In the moments after telling them that Mama T. had died, their questions and cries came at me fast. Honestly, I didn’t know how to answer all the questions. Why would God heal someone a few months ago and not now? I mean, I know all the “right” answers — He’s God and He knows best; His timing is always perfect; He knows and understands things our minds cannot understand. But when your heart is raw and aching, those answers just aren’t much of a balm. My spirit groaned within me for an answer, something to say to the barrage of questions. And then I heard myself say, “I don’t know. I don’t know why Mama T. died. I don’t know why God said NO to our prayers this time. But I do know that Jesus is crying with us. He gets sad when people die too.” Then I told my children the story of when Lazarus died.

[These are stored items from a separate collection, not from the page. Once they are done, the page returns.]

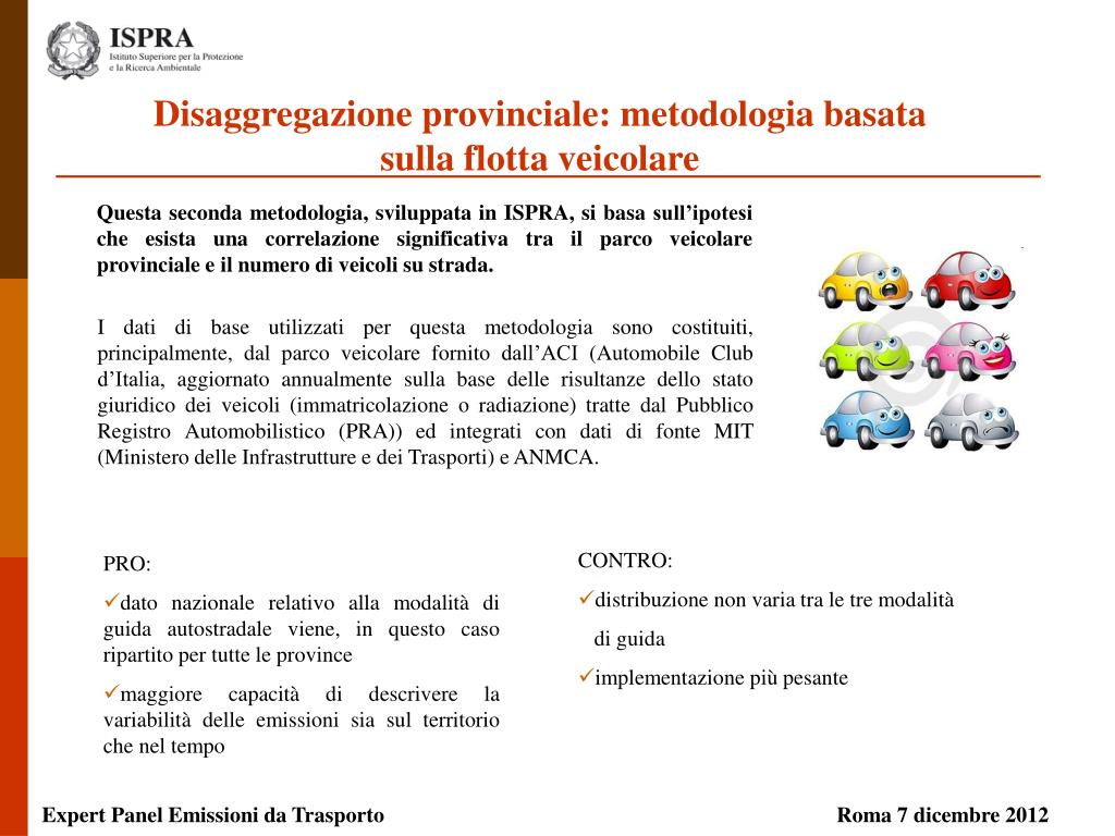 Disaggregazione provinciale: metodologia basata sulla flotta veicolare Questa seconda metodologia, sviluppata in ISPRA, si basa sull’ipotesi che esista una correlazione significativa tra il parco veicolare provinciale e il numero di veicoli su strada. I dati di base utilizzati per questa metodologia sono costituiti, principalmente, dal parco veicolare fornito dall’ACI (Automobile Club d’Italia, aggiornato annualmente sulla base delle risultanze dello stato giuridico dei veicoli (immatricolazione o radiazione) tratte dal Pubblico Registro Automobilistico (PRA)) ed integrati con dati di fonte MIT (Ministero delle Infrastrutture e dei Trasporti) e ANMCA. • CONTRO: • distribuzione non varia tra le tre modalità • di guida • implementazione più pesante • PRO: • dato nazionale relativo alla modalità di guida autostradale viene, in questo caso ripartito per tutte le province • maggiore capacità di descrivere la variabilità delle emissioni sia sul territorio che nel tempo Expert Panel Emissioni da Trasporto Roma 7 dicembre 2012
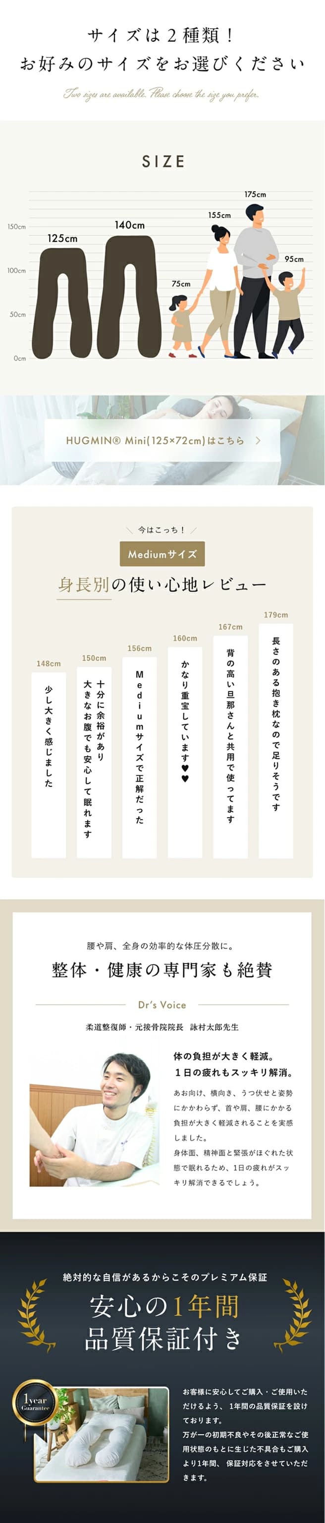 抱き枕 Medium 約140×80cm
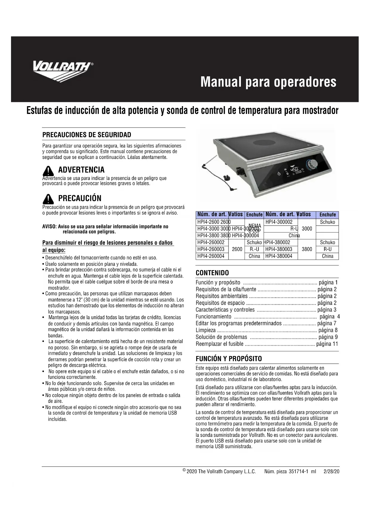 Este equipo está diseñado para calentar alimentos solamente en operaciones comerciales de servicio de comidas. No está diseñado para uso doméstico, industrial ni de laboratorio. Está diseñado para utilizarse con ollas/fuentes aptas para la inducción. El rendimiento se optimiza con con ollas/fuentes Vollrath aptas para la inducción. Otras ollas/fuentes pueden tener diferentes propiedades que pueden alterar el rendimiento. La sonda de control de temperatura está diseñada para proporcionar un control de temperatura avanzado. No está diseñada para utilizarse como termómetro para medir la temperatura de la comida. El puerto de la sonda de control de temperatura está diseñado para usarse solo con la sonda suministrada por Vollrath. No es un conector para auriculares. El puerto USB está diseñado para usarse solo con la unidad de memoria USB suministrada. ADVERTENCIA PRECAUCIÓN Núm. de art. Vatios Enchufe Núm. de art. Vatios EnchufeHPI4-2600 2600NEMA 6-20PHPI4-300002 SchukoHPI4-3000 3000 HPI4-300003 R-UHPI4-3800 3800 HPI4-300004 ChinaHPI4-260002 Schuko HPI4-380002 SchukoHPI4-260003 R.-U HPI4-380003 R-UHPI4-260004 China HPI4-380004 China2 Manual para operadores de estufas de inducción de alta potencia y sonda de control de temperatura para mostrador
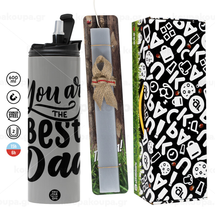 You are the best Dad, Πασχαλινή Λαμπάδα με Travel Tumbler θερμό (600ml, BPA free) & κερί αρωματικό πλακέ (30cm) (ΓΚΡΙ)
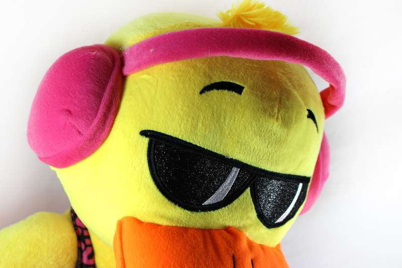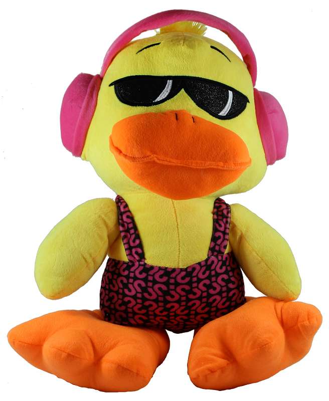VE:1 Plüsch Ente Hip-Hop mit Kopfhörern+Sonnenbrille+Latzhose, stehend ca. 45cm
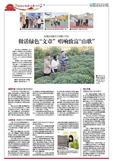 随着新一轮乡村振兴驻镇帮镇扶村工作启动,如何跑好这场“接力赛”?广州市增城区驻清远市英德市大洞镇帮镇扶村工作队(下称“工作队”)与地方党委政府凝心聚力,立足生态优势,做活绿色文章,坚持在发展中不断改善民生,共同绘就农业兴、农民富、农村美的新画卷。

John 11:33-35: Therefore, when Jesus saw her [Mary] weeping, and the Jews who came with her weeping, He groaned in the spirit and was troubled. And He said, “Where have you laid him?”

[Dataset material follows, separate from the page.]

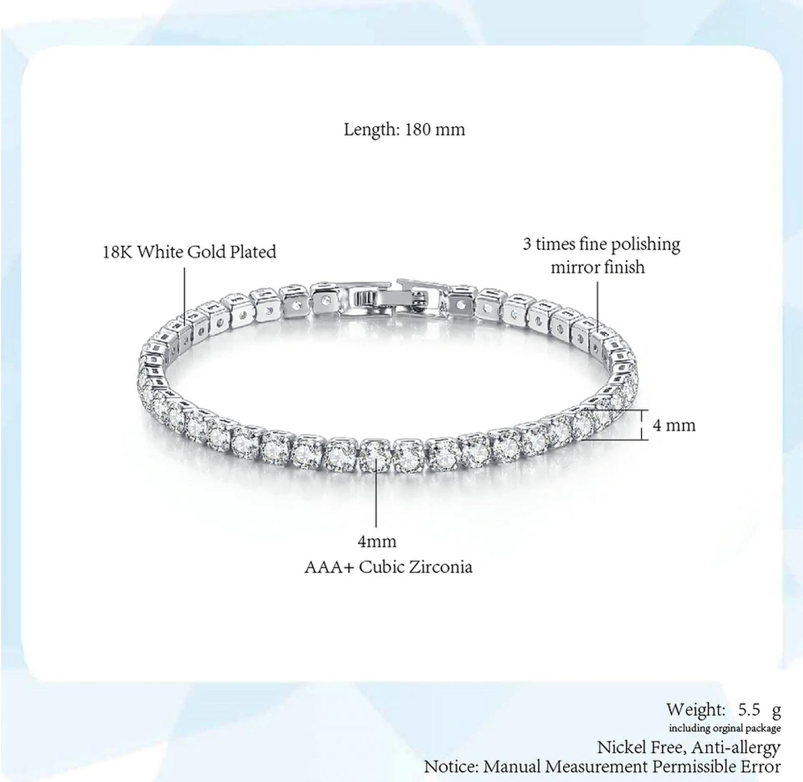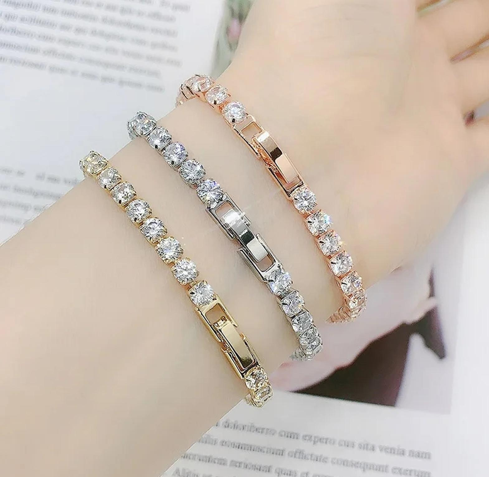 The tennis bracelet is a timeless piece of jewelry known for its understated elegance and continuous line of shimmering stones, often associated with both luxury and refinement. This particular design features a flawless row of cubic zirconia or simulated diamonds, each securely set in a polished metal chain—typically stainless steel, sterling silver, or gold-plated alloy—offering brilliance that rivals more expensive counterparts. Lightweight yet durable, it’s ideal for daily wear or adding a touch of sparkle to evening attire. The clasp is designed for both security and ease of use, ensuring the bracelet stays comfortably in place throughout the day. Whether worn alone for a minimalist statement or stacked with other bangles for a layered look, this tennis bracelet is a staple accessory that transcends trends and occasions, making it a smart and stylish addition to any jewelry collection.

They said to Him, “Lord, come and see.” Jesus wept.
I told my children that Jesus is troubled when He sees our sorrows. When we cry, He has compassion on us and He groans and weeps with us.
I said other things as well, but I don’t know if any of those other thoughts brought me as much comfort as this one. This image of Jesus weeping beside Mary. I wonder if He hugged her and wiped her tears as He cried with her — like I did with my daughter this morning.

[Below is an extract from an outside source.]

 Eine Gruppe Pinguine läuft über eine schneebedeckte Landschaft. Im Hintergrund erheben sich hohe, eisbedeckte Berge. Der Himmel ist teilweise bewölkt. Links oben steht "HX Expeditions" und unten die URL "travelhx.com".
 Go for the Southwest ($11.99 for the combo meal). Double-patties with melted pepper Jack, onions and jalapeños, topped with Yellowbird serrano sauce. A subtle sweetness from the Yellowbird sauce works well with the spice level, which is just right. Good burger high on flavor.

In moments when people die or our dreams die or our ideas of how life would be die, our Jesus comes to us and cries with us. His spirit groans, and He weeps with us. I may run to Him and accuse Him or question Him, like Mary did — “Lord, if You had been here, my brother would not have died.” But, as my friend Vickie reminds me, even my accusation and question affirms my faith in His power, in His being sovereign. And that is a form of worship. A lament. King David worshipped God with lamentations. Job did too. Jeremiah did, and his pouring out his sorrows to the Lord are even called the book of Lamentations in the Bible.
I want to be real. I want to come to God and worship Him in Truth. Sometimes that means I say things that don’t sound very church-y, that don’t sound neat and tidy and Christian. Sometimes it means I am throwing a temper tantrum and telling Him how much I don’t understand His ways. Sometimes I even sound like Mary did, “If You wanted to, You could prevent this.” And then I just weep and my spirit groans, and I know His spirit groans with me. And there aren’t really any answers, and I don’t necessarily get the happy ending that Mary got (Lazarus was raised from the dead). At least, I don’t get the immediate happy ending; eventually, I will have the eternally happy ending. But I am comforted knowing that my Jesus is crying with me. And because I know His love for me, my spirit cries out as Job’s did — “yet will I praise Him.”